GOAL OF THE EXERCISE: Repeat the span of the entries below that starts at the line with "Numerical Reasoning Test" and ends at the line with "- ↑ a b Maruyama, Susumu", nothing more. Skip the pictures.

[Extracted records]

********************

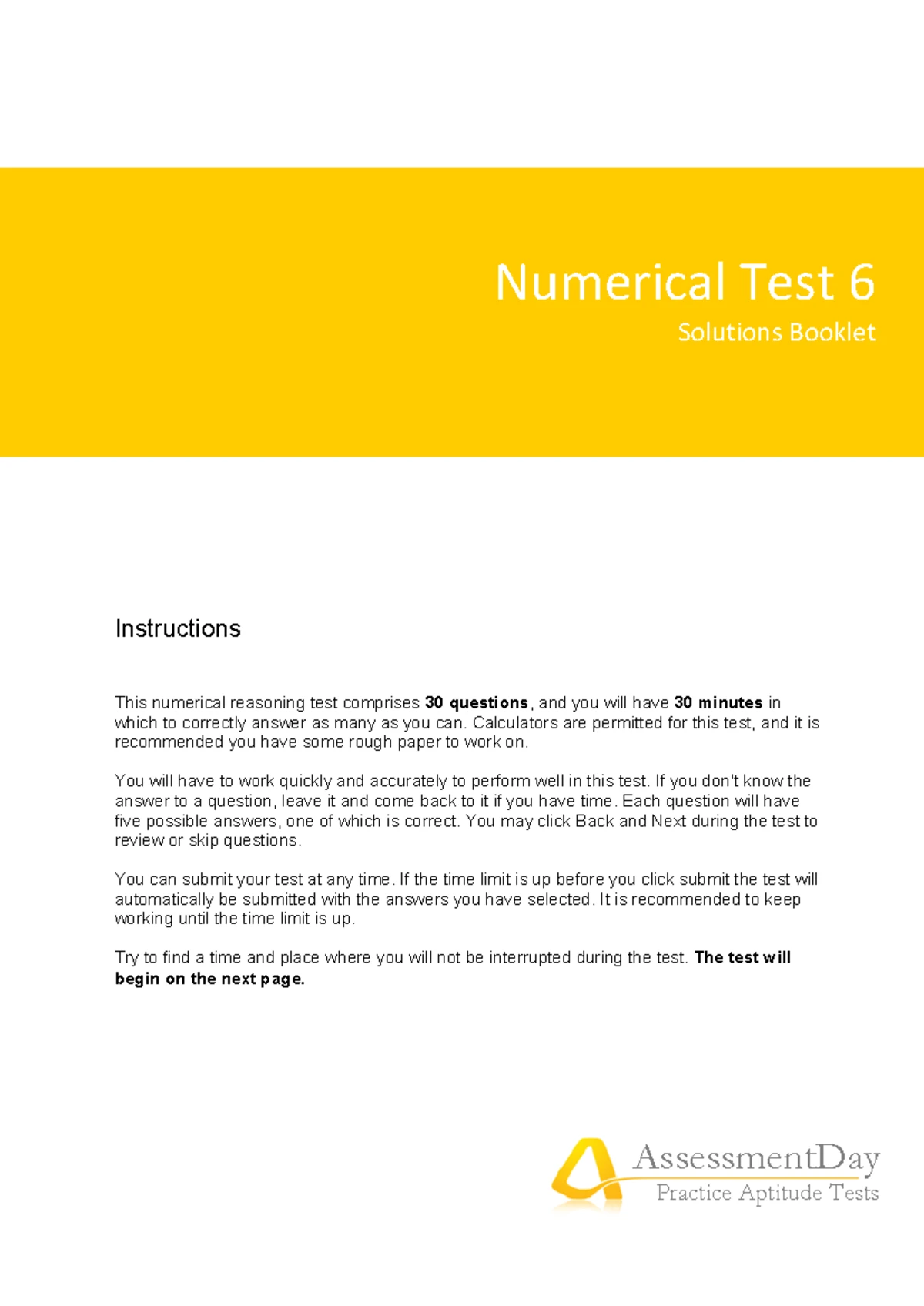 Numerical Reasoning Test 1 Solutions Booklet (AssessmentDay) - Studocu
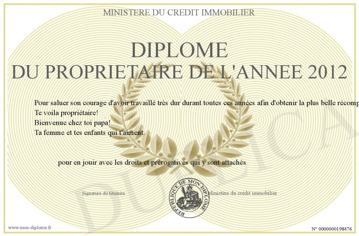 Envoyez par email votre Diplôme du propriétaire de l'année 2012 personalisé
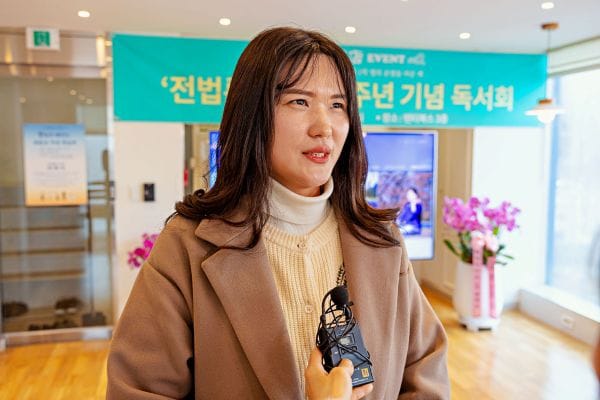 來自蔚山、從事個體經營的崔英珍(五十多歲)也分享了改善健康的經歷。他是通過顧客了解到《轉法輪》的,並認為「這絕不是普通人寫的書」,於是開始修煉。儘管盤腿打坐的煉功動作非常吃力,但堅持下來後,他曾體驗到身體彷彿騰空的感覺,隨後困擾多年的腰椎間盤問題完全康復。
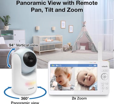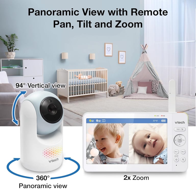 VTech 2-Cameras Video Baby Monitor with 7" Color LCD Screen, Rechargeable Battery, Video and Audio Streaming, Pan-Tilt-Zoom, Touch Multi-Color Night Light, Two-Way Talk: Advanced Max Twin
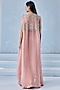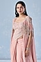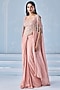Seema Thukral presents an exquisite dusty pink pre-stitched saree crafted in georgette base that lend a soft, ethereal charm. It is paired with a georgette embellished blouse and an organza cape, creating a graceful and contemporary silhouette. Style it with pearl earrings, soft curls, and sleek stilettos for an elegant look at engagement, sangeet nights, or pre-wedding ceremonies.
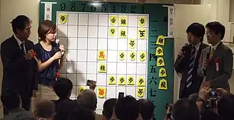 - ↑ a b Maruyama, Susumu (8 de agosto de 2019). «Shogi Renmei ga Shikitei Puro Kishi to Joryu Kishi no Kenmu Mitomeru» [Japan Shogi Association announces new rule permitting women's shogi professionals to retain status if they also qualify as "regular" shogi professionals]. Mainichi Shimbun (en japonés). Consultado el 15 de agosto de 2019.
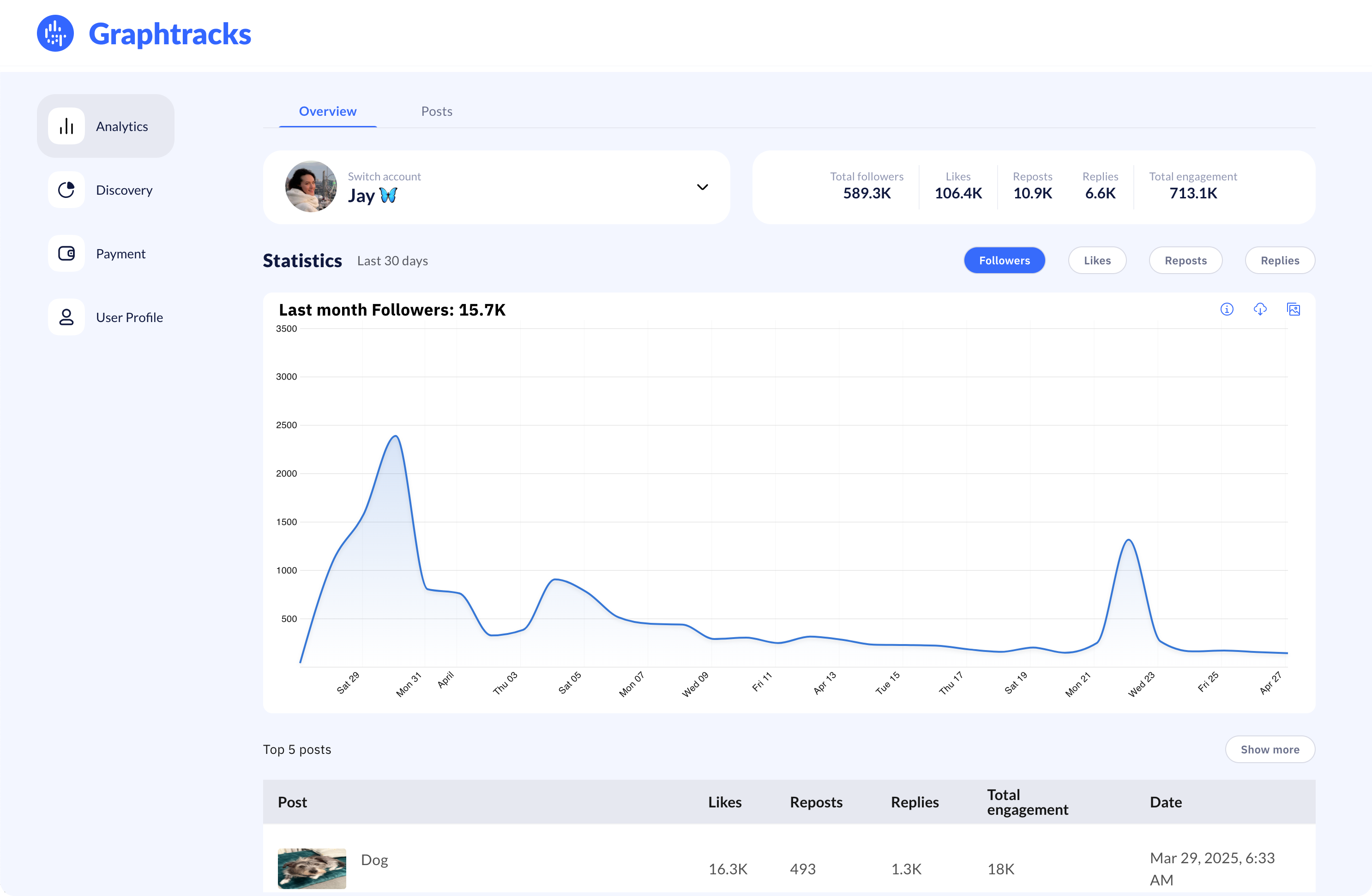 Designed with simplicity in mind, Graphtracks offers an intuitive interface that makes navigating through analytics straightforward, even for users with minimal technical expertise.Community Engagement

********************

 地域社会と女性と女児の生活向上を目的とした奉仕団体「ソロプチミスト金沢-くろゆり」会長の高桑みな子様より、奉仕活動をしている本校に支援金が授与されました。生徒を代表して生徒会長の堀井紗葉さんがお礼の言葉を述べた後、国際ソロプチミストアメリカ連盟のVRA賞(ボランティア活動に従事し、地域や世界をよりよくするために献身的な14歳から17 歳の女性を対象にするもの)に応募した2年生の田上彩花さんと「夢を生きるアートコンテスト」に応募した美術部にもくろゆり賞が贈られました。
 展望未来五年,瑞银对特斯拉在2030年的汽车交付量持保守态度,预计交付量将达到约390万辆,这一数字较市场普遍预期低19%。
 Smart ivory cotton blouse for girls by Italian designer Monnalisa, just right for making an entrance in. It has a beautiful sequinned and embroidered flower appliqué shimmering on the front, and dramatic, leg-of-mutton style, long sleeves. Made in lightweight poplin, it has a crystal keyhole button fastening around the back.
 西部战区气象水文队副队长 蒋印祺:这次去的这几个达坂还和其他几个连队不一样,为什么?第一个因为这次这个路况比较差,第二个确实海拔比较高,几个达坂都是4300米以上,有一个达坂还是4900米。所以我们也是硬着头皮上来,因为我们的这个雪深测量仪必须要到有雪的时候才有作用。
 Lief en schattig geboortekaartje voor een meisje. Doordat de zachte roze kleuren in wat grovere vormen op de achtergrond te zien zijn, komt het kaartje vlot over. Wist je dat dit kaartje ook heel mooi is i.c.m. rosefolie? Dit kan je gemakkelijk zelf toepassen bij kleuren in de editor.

********************

THE ANSWER:
 Numerical Reasoning Test 1 Solutions Booklet (AssessmentDay) - Studocu
 Envoyez par email votre Diplôme du propriétaire de l'année 2012 personalisé
 來自蔚山、從事個體經營的崔英珍(五十多歲)也分享了改善健康的經歷。他是通過顧客了解到《轉法輪》的,並認為「這絕不是普通人寫的書」,於是開始修煉。儘管盤腿打坐的煉功動作非常吃力,但堅持下來後,他曾體驗到身體彷彿騰空的感覺,隨後困擾多年的腰椎間盤問題完全康復。
 VTech 2-Cameras Video Baby Monitor with 7" Color LCD Screen, Rechargeable Battery, Video and Audio Streaming, Pan-Tilt-Zoom, Touch Multi-Color Night Light, Two-Way Talk: Advanced Max Twin
Seema Thukral presents an exquisite dusty pink pre-stitched saree crafted in georgette base that lend a soft, ethereal charm. It is paired with a georgette embellished blouse and an organza cape, creating a graceful and contemporary silhouette. Style it with pearl earrings, soft curls, and sleek stilettos for an elegant look at engagement, sangeet nights, or pre-wedding ceremonies.
 - ↑ a b Maruyama, Susumu (8 de agosto de 2019). «Shogi Renmei ga Shikitei Puro Kishi to Joryu Kishi no Kenmu Mitomeru» [Japan Shogi Association announces new rule permitting women's shogi professionals to retain status if they also qualify as "regular" shogi professionals]. Mainichi Shimbun (en japonés). Consultado el 15 de agosto de 2019.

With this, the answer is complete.